(Saved data entries)
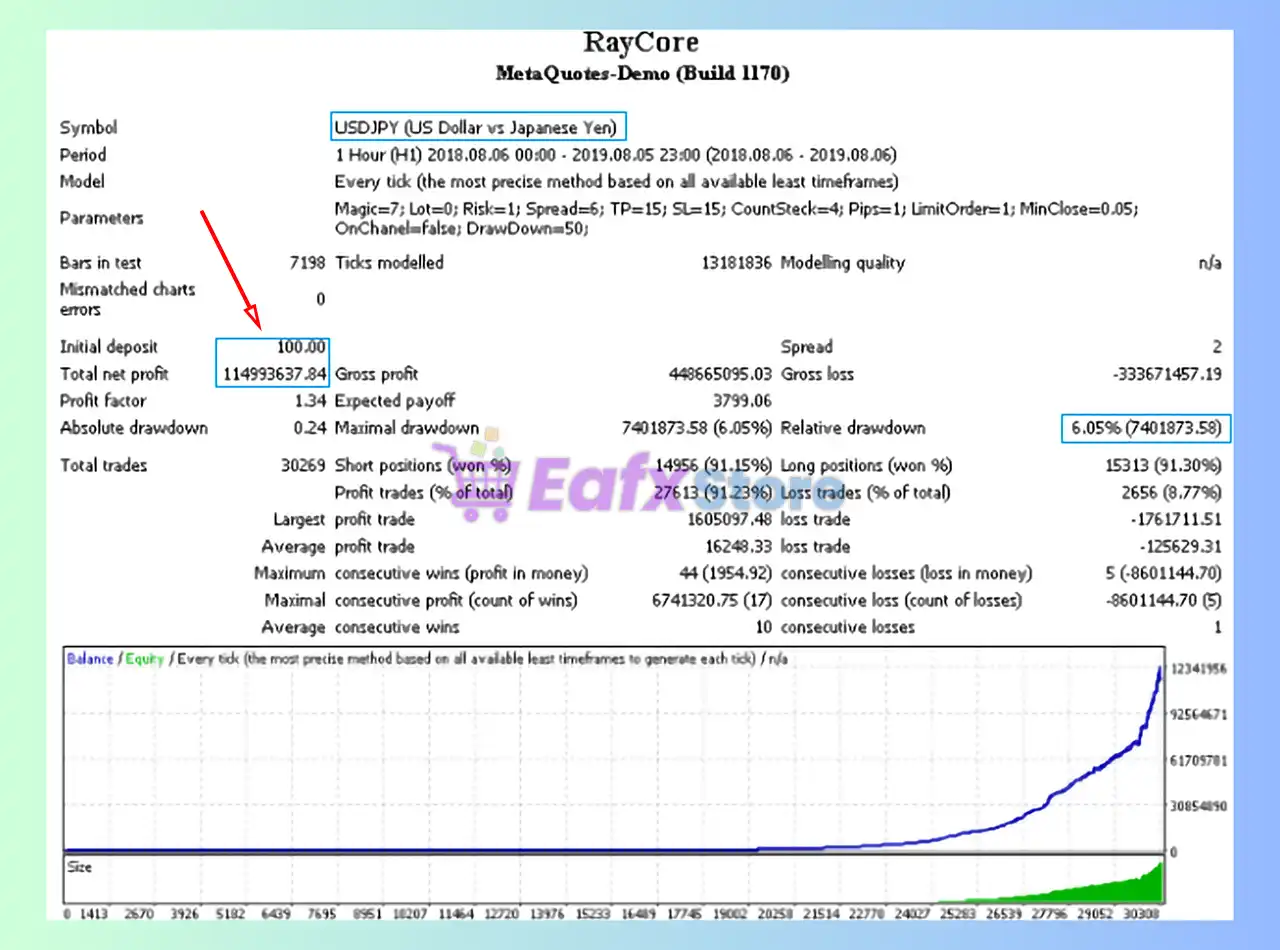 🔶 The RayCores EA backtest trading results achieved impressive profit performance for 12 months on the USDJPY pair.
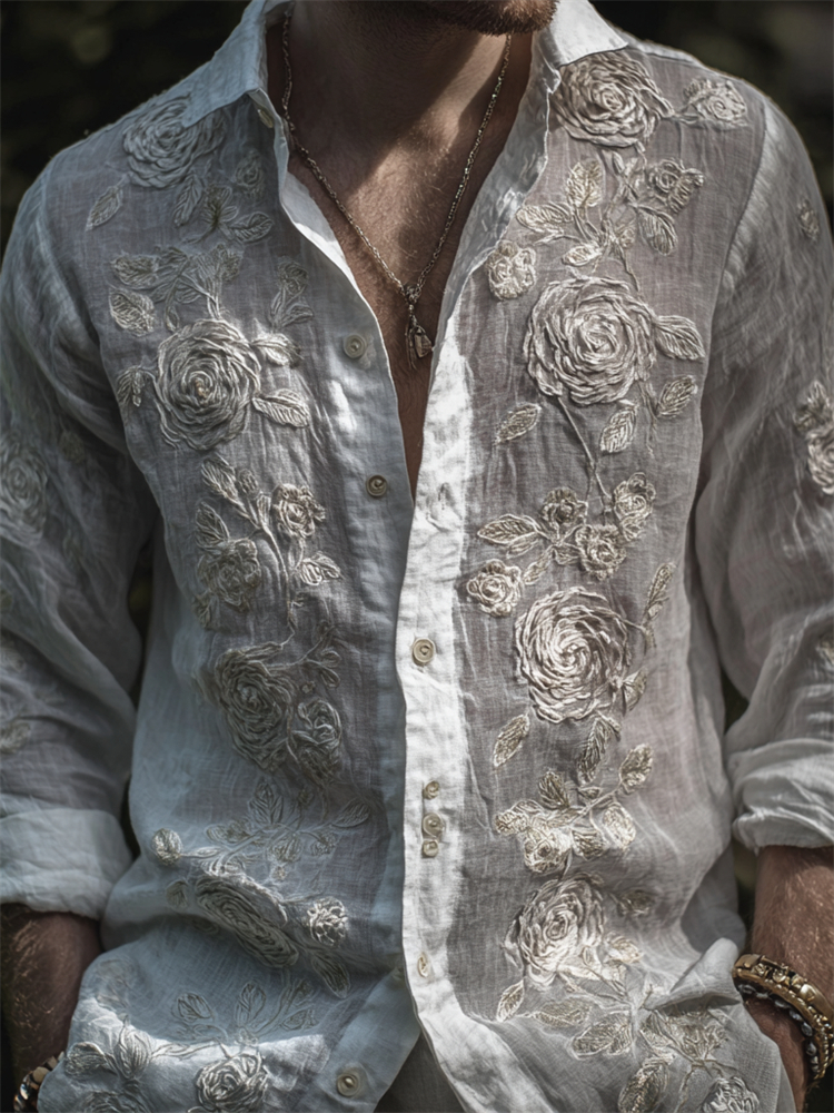 Men's Vintage White Roses Embroidered Flowy Linen Shirt
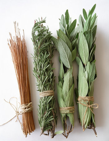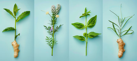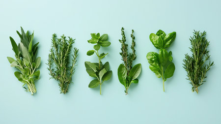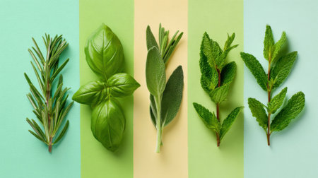 Bright greens of rosemary basil sage and mint create an artistic herb display on pastel backgrounds.
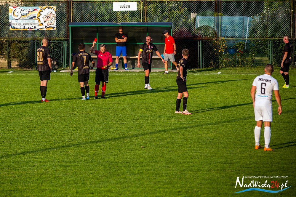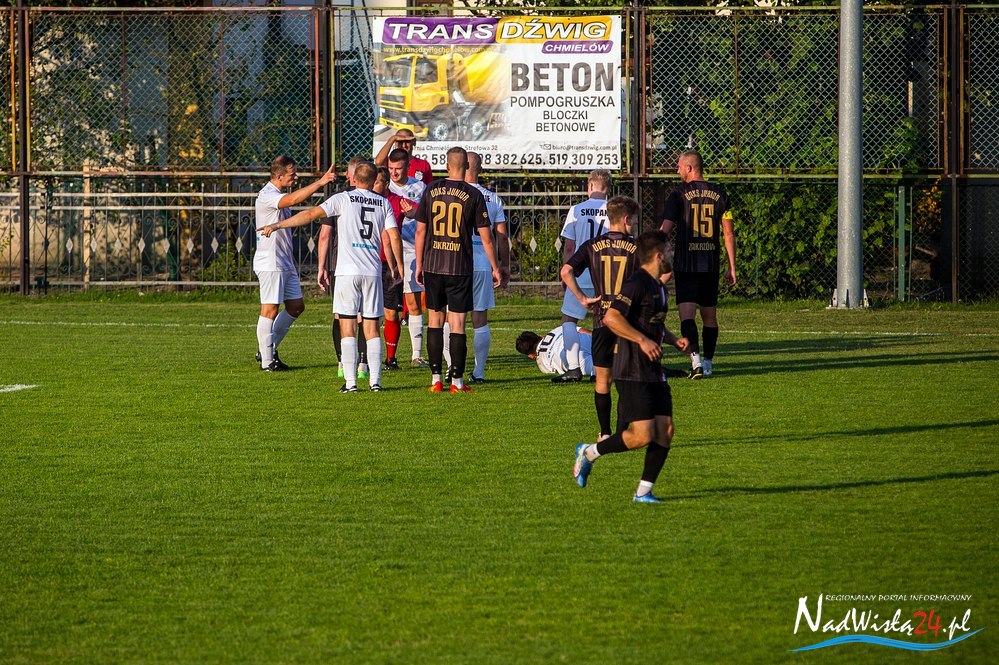 Junior Zakrzów zremisował 3:3 z Wisanem w Skopaniu, w meczu 3. kolejki w stalowowolskiej klasie A, w grupie 1. Od 54. minuty Junior grał w osłabieniu, po tym jak druga żółtą i w konsekwencji czerwoną kartką ukarany został Michał Żyła.
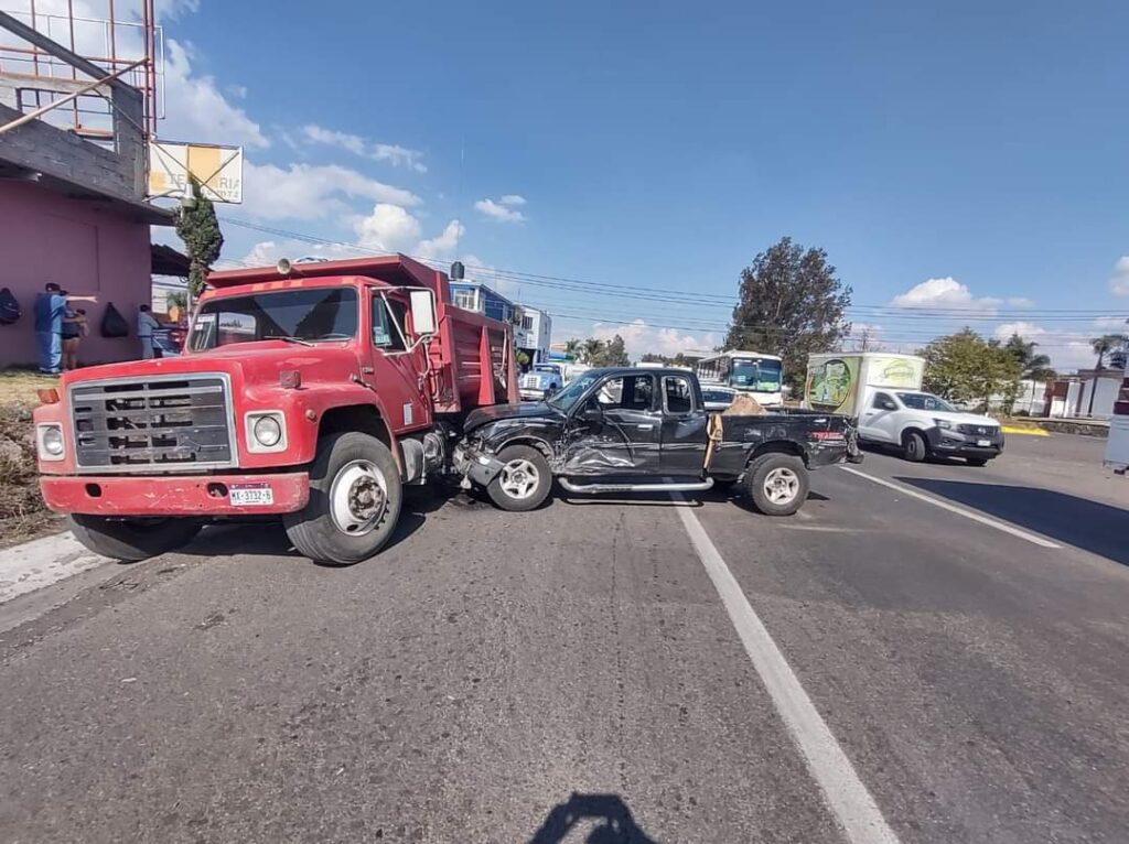 Chocan dos vehículos contra un camión volteo en la carretera a Pátzcuaro
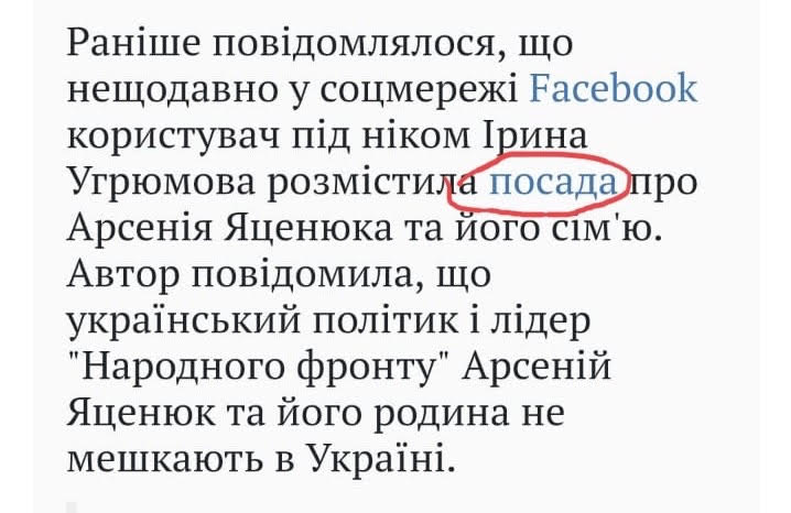 Стоит обратить внимание на то, что «уши Москвы» буквально торчат на сайтах, которые «вентилятором» раскинули лживые публикации в интернете. Достаточно обратить внимание на текст на одном из «интернет-бачков», где ясно и очевидно, что слово пост переведен с русского как «должность», хотя речь шла о посте в ФБ (см. скриншот ниже). Показательно, что отрабатывая годами деньги ФСБ, провокаторы даже не научились делать грамотные переводы, чем выдают своих хозяев и заказчиков.
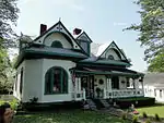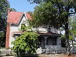 c.1890 | Ottis Cook built this home in 1890 in Gother Brunel motif with Eastlake interior. Mr. Cook owned a large farm which was rented to others for work. After passing from the Cook family, the house served as Toddle Inn, a children's daycare center. It stood empty for years before being purchased restored by the current owners. |
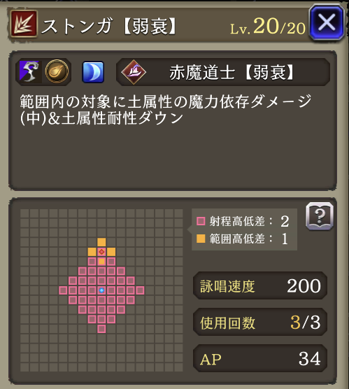 | 「ストンガ【弱衰】」 アビリティ発動時間なし 範囲耐性貫通+30追加 |
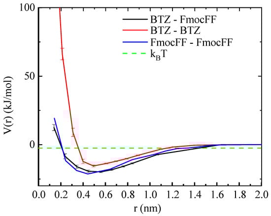 The calculation of PMF quantifies the propensity of the model dipeptides for self-assembly in aqueous environments. The PMF has been computed for all three pairs of molecules in water (i.e., FmocFF–FmocFF; FmocFF–BTZ; BTZ–BTZ), and the corresponding results are displayed in Figure 1.
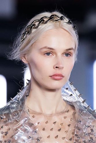 Настоящий фурор произвели цепочки из страз и переливающихся камней с показа, вплетенные в волосы — выглядит свежо, а сама укладка не займет много времени. Никто не запрещал нам провернуть тот же фокус с цепями — например, закрепить их у основания хвоста. Похожий вариант мы заприметили на показе Balmain: здесь Оливье Рустен использует массивные цепи вместо ободка, создавая более брутальный вариант диадемы.
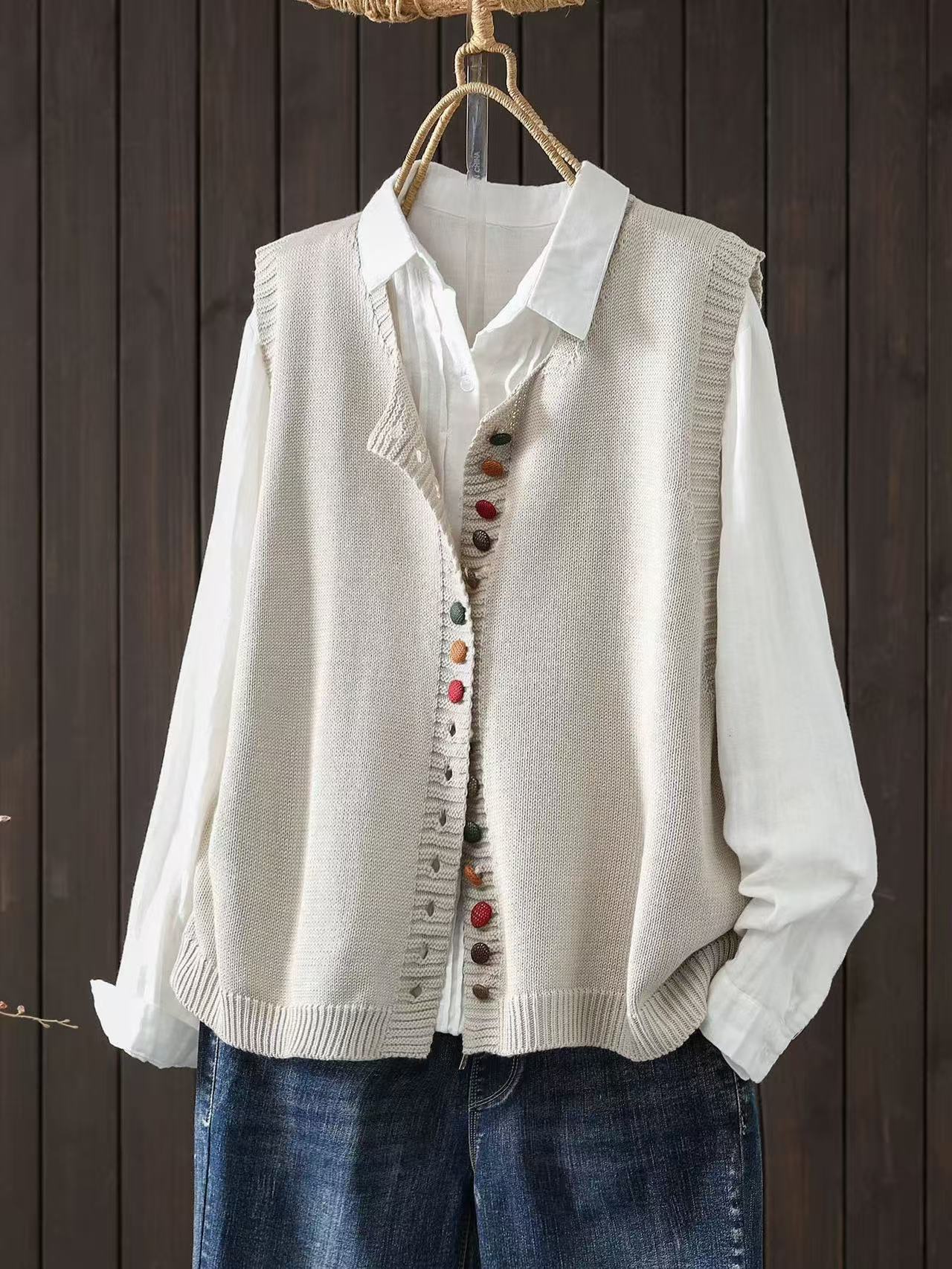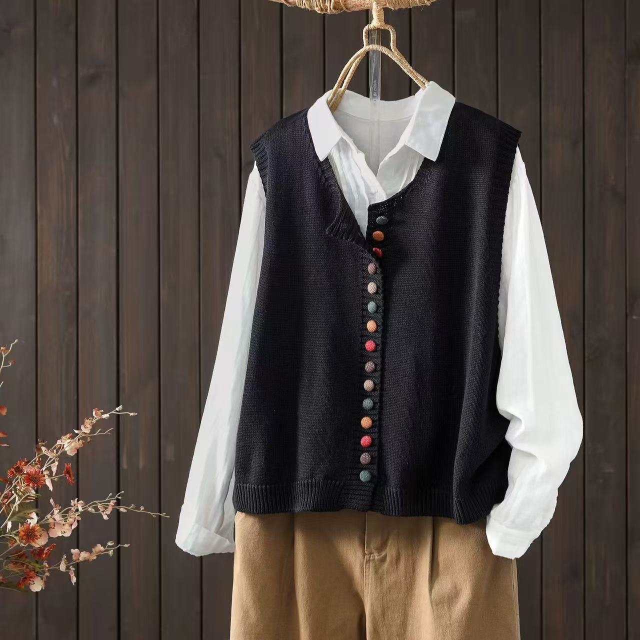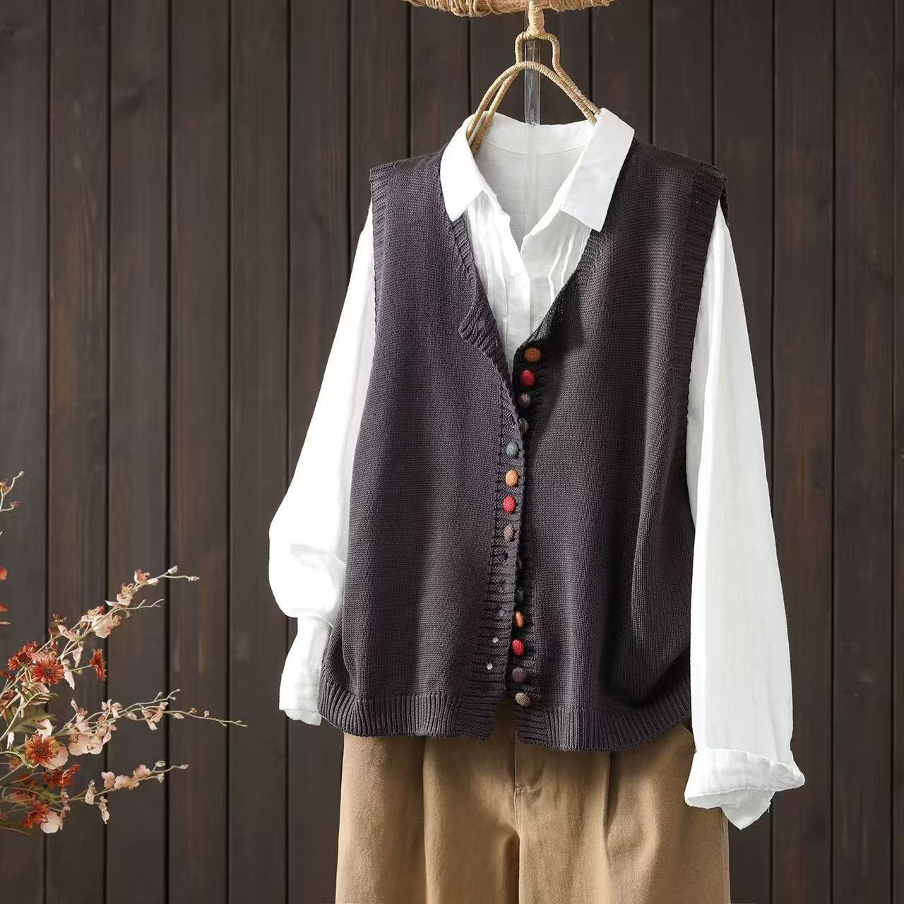 화려한 버튼 코튼 니트 조끼 여성의 느슨한 슬리밍 가을 예술적 캐주얼 스택 민소매 조끼

What the task asks:
Please print the entries above exactly. Skip every picture.

Answer section:
 🔶 The RayCores EA backtest trading results achieved impressive profit performance for 12 months on the USDJPY pair.
 Men's Vintage White Roses Embroidered Flowy Linen Shirt
 Bright greens of rosemary basil sage and mint create an artistic herb display on pastel backgrounds.
 Junior Zakrzów zremisował 3:3 z Wisanem w Skopaniu, w meczu 3. kolejki w stalowowolskiej klasie A, w grupie 1. Od 54. minuty Junior grał w osłabieniu, po tym jak druga żółtą i w konsekwencji czerwoną kartką ukarany został Michał Żyła.
 Chocan dos vehículos contra un camión volteo en la carretera a Pátzcuaro
 Стоит обратить внимание на то, что «уши Москвы» буквально торчат на сайтах, которые «вентилятором» раскинули лживые публикации в интернете. Достаточно обратить внимание на текст на одном из «интернет-бачков», где ясно и очевидно, что слово пост переведен с русского как «должность», хотя речь шла о посте в ФБ (см. скриншот ниже). Показательно, что отрабатывая годами деньги ФСБ, провокаторы даже не научились делать грамотные переводы, чем выдают своих хозяев и заказчиков.
 c.1890 | Ottis Cook built this home in 1890 in Gother Brunel motif with Eastlake interior. Mr. Cook owned a large farm which was rented to others for work. After passing from the Cook family, the house served as Toddle Inn, a children's daycare center. It stood empty for years before being purchased restored by the current owners. |
 | 「ストンガ【弱衰】」 アビリティ発動時間なし 範囲耐性貫通+30追加 |
 The calculation of PMF quantifies the propensity of the model dipeptides for self-assembly in aqueous environments. The PMF has been computed for all three pairs of molecules in water (i.e., FmocFF–FmocFF; FmocFF–BTZ; BTZ–BTZ), and the corresponding results are displayed in Figure 1.
 Настоящий фурор произвели цепочки из страз и переливающихся камней с показа, вплетенные в волосы — выглядит свежо, а сама укладка не займет много времени. Никто не запрещал нам провернуть тот же фокус с цепями — например, закрепить их у основания хвоста. Похожий вариант мы заприметили на показе Balmain: здесь Оливье Рустен использует массивные цепи вместо ободка, создавая более брутальный вариант диадемы.
 화려한 버튼 코튼 니트 조끼 여성의 느슨한 슬리밍 가을 예술적 캐주얼 스택 민소매 조끼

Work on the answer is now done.